**Work required**
Beginning with the line containing "한다는 얘기가 된다." and ending at the last line of the data, set down every line exactly, leaving out all pictures.
————
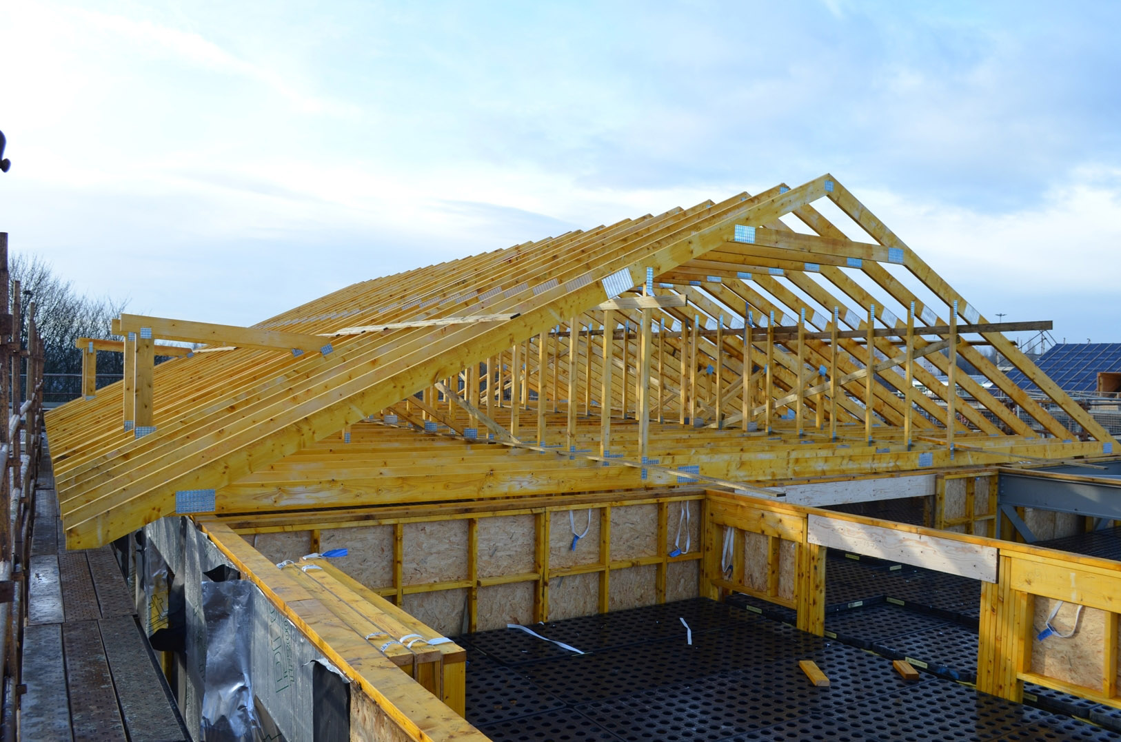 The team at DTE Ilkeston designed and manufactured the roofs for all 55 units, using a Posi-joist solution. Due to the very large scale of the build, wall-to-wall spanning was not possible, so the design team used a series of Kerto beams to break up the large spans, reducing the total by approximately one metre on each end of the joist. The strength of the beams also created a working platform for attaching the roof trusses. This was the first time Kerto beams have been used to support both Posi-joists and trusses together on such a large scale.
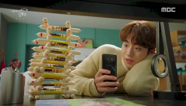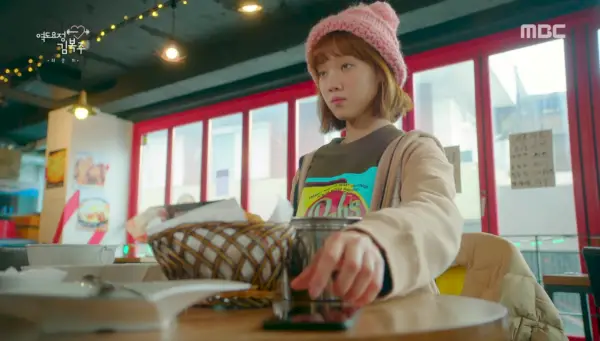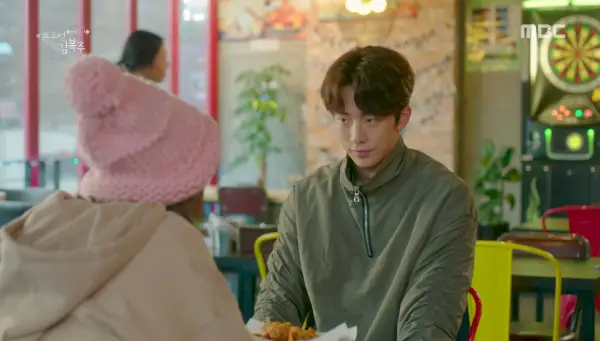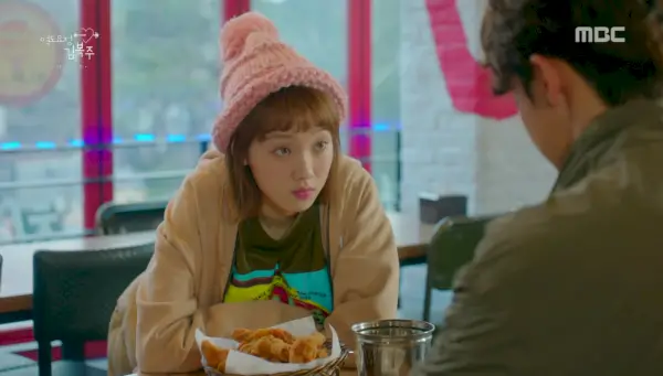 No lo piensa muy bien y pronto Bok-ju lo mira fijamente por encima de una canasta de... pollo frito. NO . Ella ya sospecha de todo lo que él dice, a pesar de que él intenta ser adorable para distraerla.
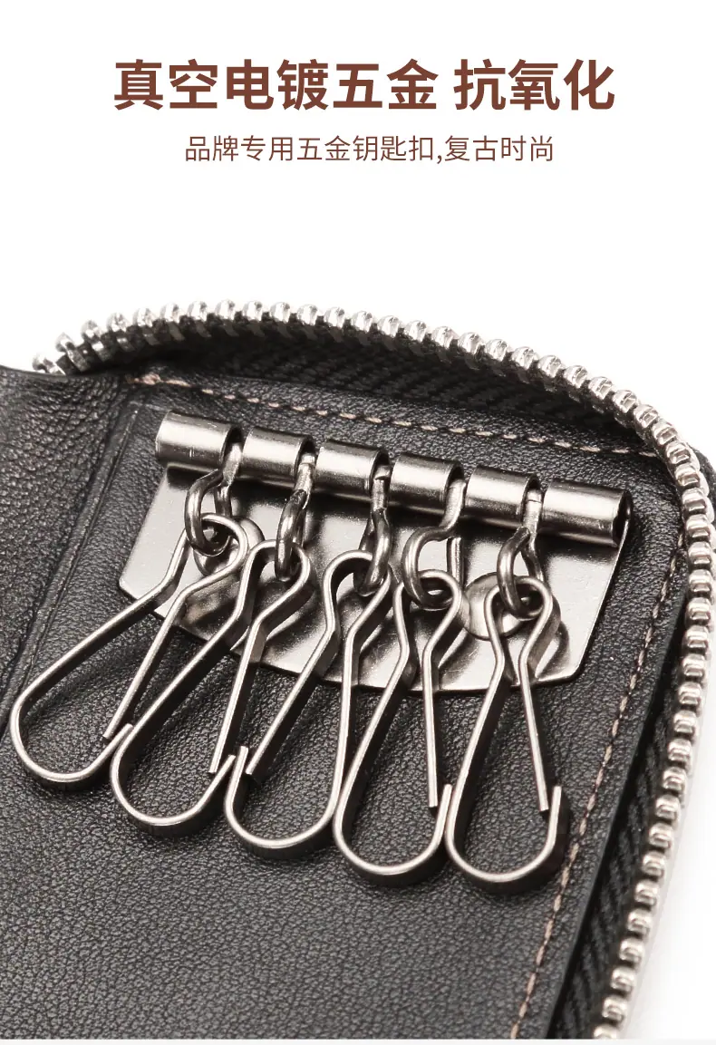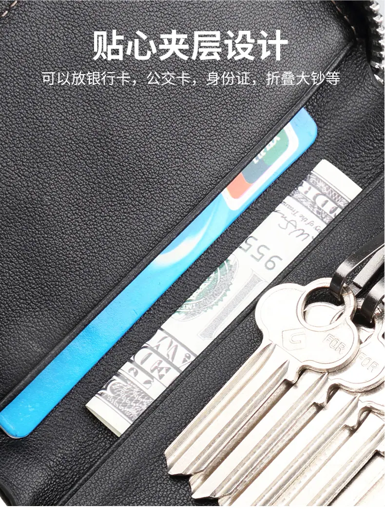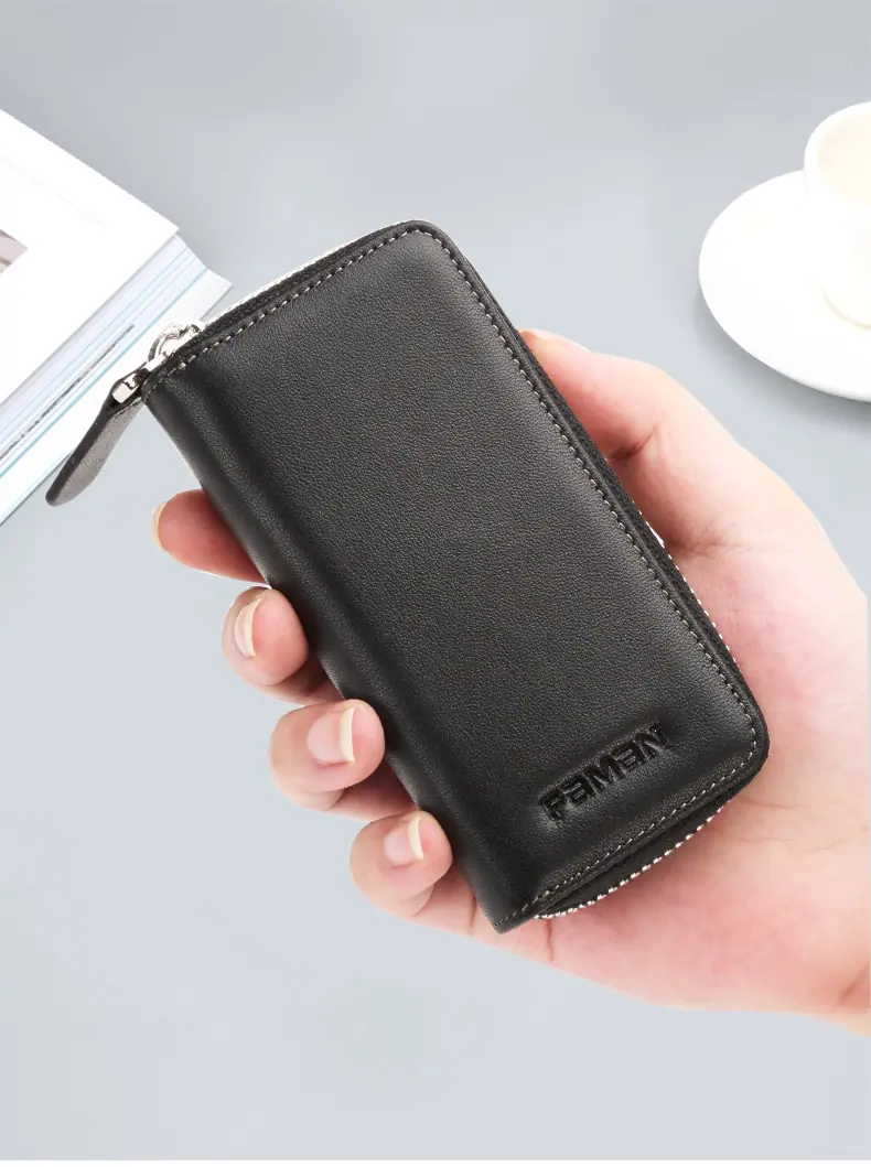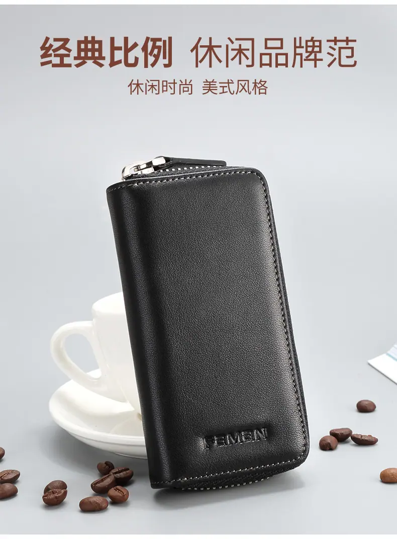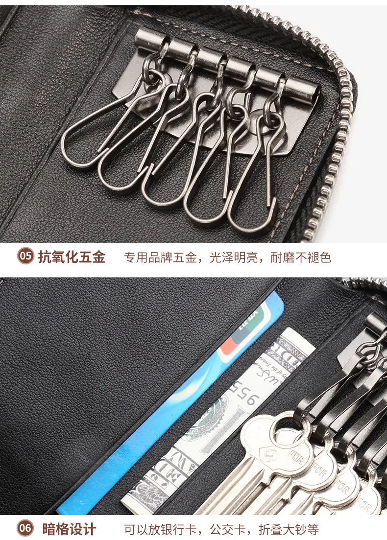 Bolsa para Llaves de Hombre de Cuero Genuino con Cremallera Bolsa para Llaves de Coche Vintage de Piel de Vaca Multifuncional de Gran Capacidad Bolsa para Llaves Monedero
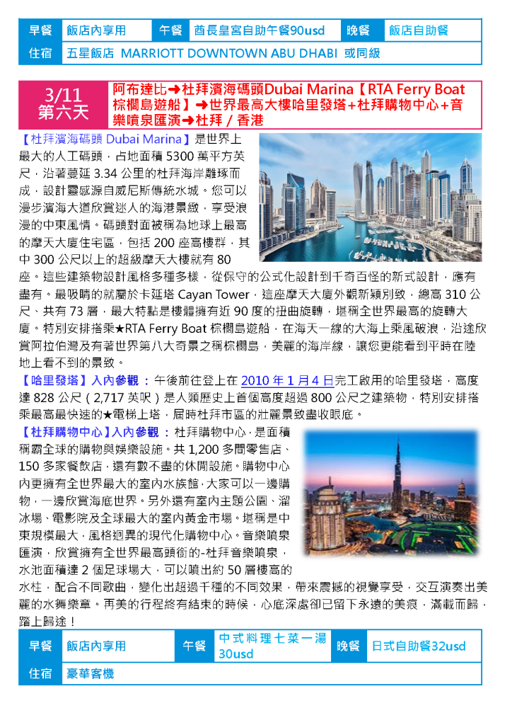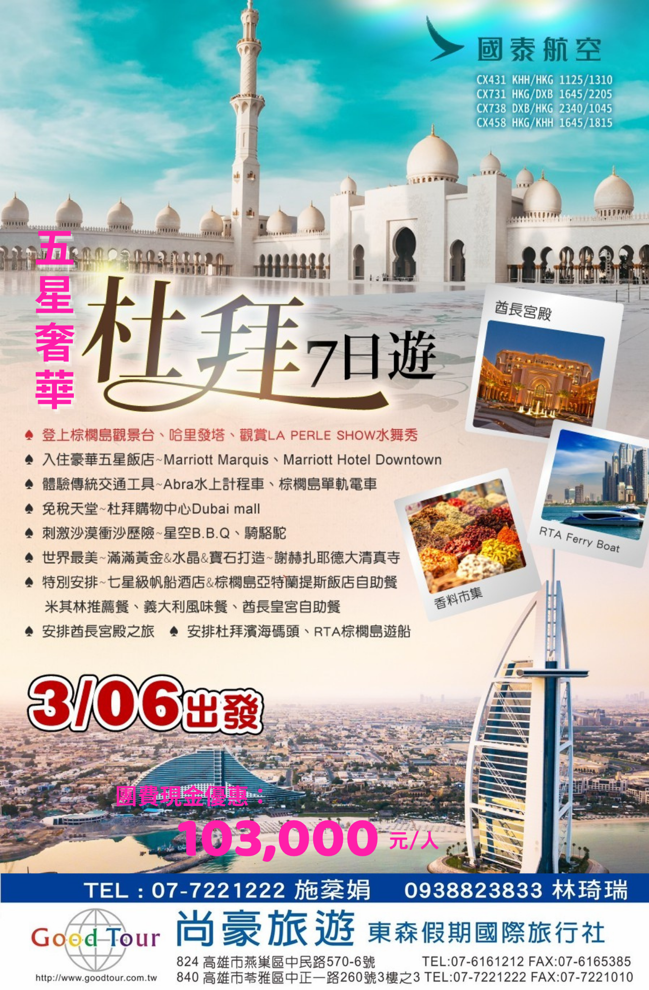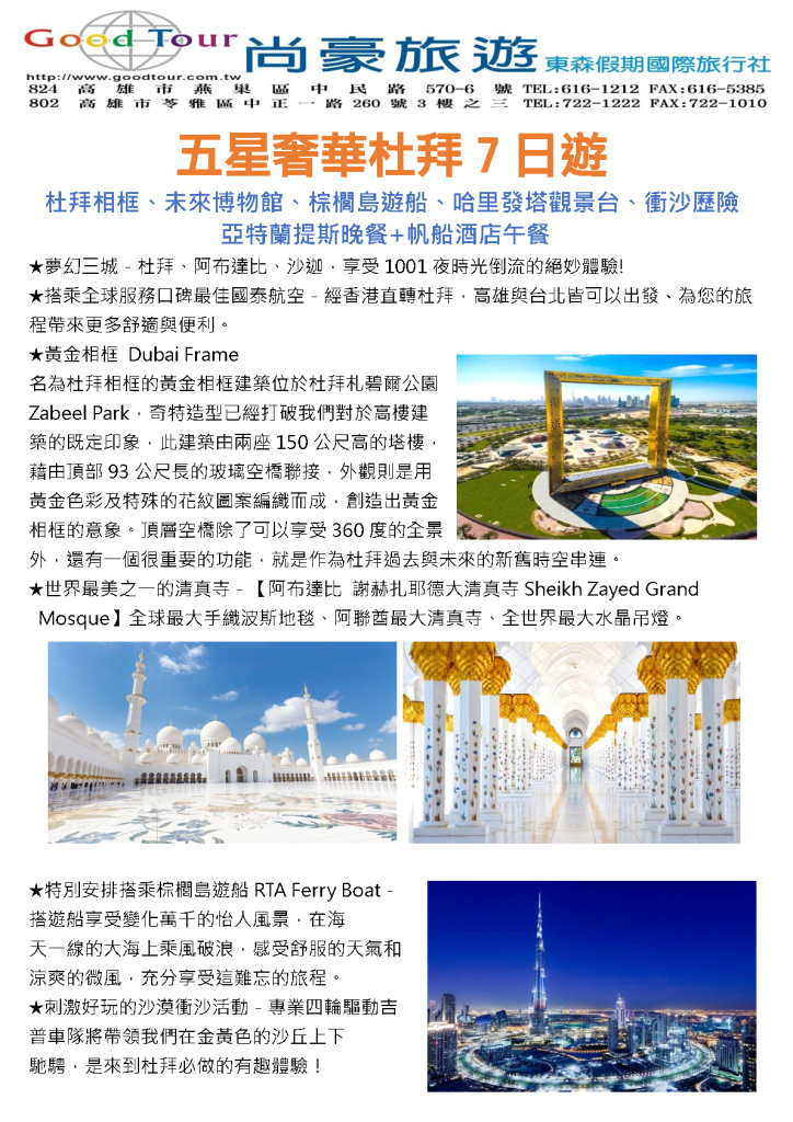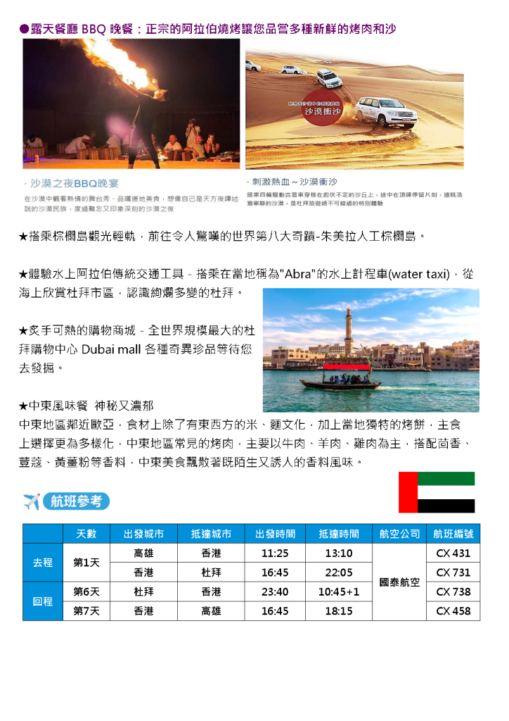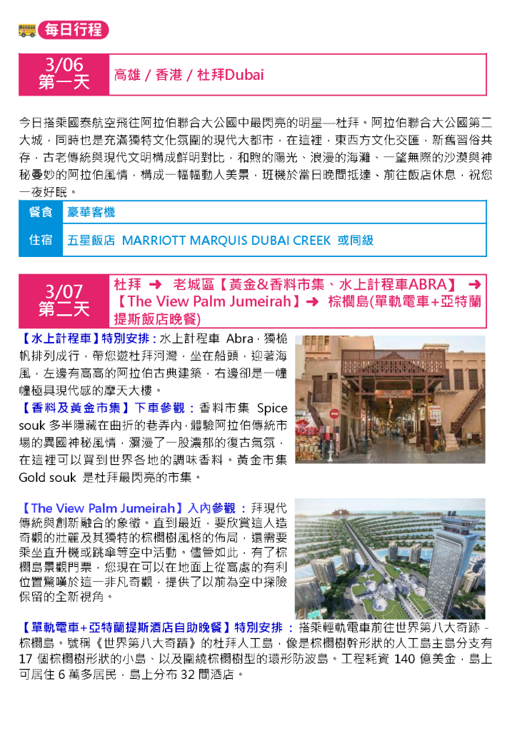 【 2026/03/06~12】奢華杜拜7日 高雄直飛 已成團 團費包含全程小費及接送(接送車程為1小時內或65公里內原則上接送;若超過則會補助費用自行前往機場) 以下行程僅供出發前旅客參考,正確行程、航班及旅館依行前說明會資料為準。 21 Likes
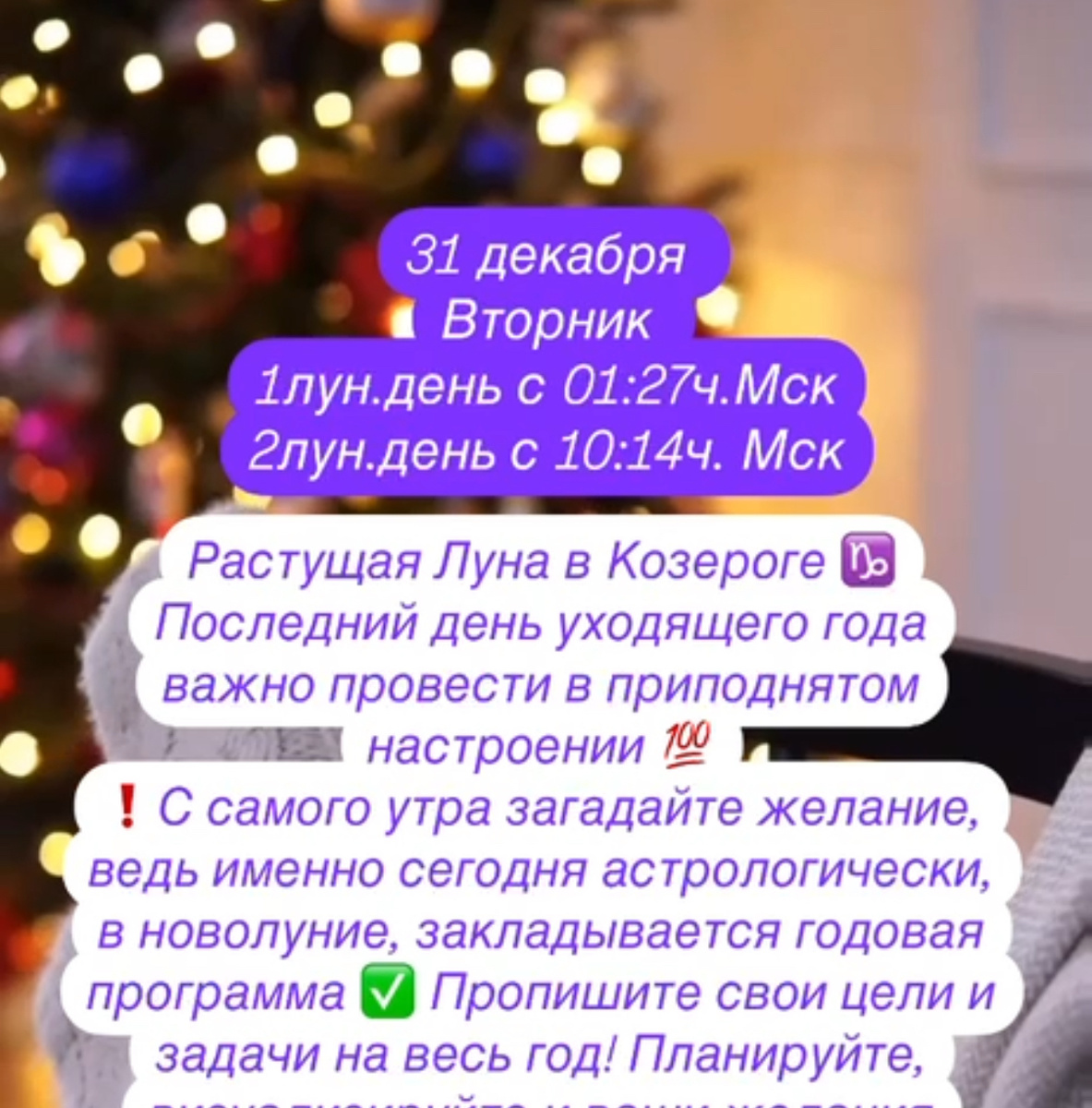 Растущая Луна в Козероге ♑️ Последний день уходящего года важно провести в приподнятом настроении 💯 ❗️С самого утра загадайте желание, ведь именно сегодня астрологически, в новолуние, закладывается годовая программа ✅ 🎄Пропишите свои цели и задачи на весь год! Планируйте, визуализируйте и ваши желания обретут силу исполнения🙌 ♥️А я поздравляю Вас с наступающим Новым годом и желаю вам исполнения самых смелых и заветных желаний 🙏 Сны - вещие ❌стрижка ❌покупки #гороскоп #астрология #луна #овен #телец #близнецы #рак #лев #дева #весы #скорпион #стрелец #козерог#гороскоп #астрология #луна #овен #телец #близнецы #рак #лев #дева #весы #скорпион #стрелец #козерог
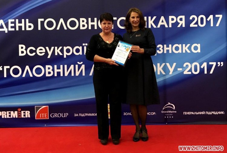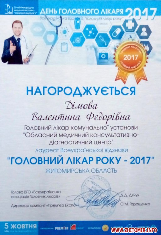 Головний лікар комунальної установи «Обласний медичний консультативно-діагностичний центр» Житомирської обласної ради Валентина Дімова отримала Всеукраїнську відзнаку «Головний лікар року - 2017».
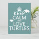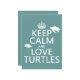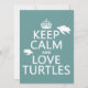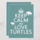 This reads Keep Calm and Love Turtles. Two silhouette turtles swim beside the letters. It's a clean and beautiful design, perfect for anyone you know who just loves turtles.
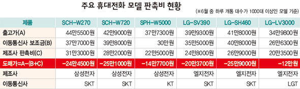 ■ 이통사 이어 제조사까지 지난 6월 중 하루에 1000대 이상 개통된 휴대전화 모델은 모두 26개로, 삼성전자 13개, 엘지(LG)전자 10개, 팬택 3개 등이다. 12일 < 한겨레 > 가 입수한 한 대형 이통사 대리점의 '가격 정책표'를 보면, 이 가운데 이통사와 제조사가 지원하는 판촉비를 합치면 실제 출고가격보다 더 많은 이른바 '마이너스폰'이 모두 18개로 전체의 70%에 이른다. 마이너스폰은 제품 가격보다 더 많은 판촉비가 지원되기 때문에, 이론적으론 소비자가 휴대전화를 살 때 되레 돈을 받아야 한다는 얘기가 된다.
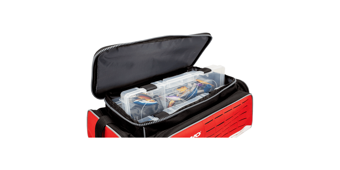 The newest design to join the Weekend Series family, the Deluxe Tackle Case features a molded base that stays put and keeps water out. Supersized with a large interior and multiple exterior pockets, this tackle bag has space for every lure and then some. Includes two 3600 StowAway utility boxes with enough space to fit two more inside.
————
**Solution for this task**
 ■ 이통사 이어 제조사까지 지난 6월 중 하루에 1000대 이상 개통된 휴대전화 모델은 모두 26개로, 삼성전자 13개, 엘지(LG)전자 10개, 팬택 3개 등이다. 12일 < 한겨레 > 가 입수한 한 대형 이통사 대리점의 '가격 정책표'를 보면, 이 가운데 이통사와 제조사가 지원하는 판촉비를 합치면 실제 출고가격보다 더 많은 이른바 '마이너스폰'이 모두 18개로 전체의 70%에 이른다. 마이너스폰은 제품 가격보다 더 많은 판촉비가 지원되기 때문에, 이론적으론 소비자가 휴대전화를 살 때 되레 돈을 받아야 한다는 얘기가 된다.
 The newest design to join the Weekend Series family, the Deluxe Tackle Case features a molded base that stays put and keeps water out. Supersized with a large interior and multiple exterior pockets, this tackle bag has space for every lure and then some. Includes two 3600 StowAway utility boxes with enough space to fit two more inside.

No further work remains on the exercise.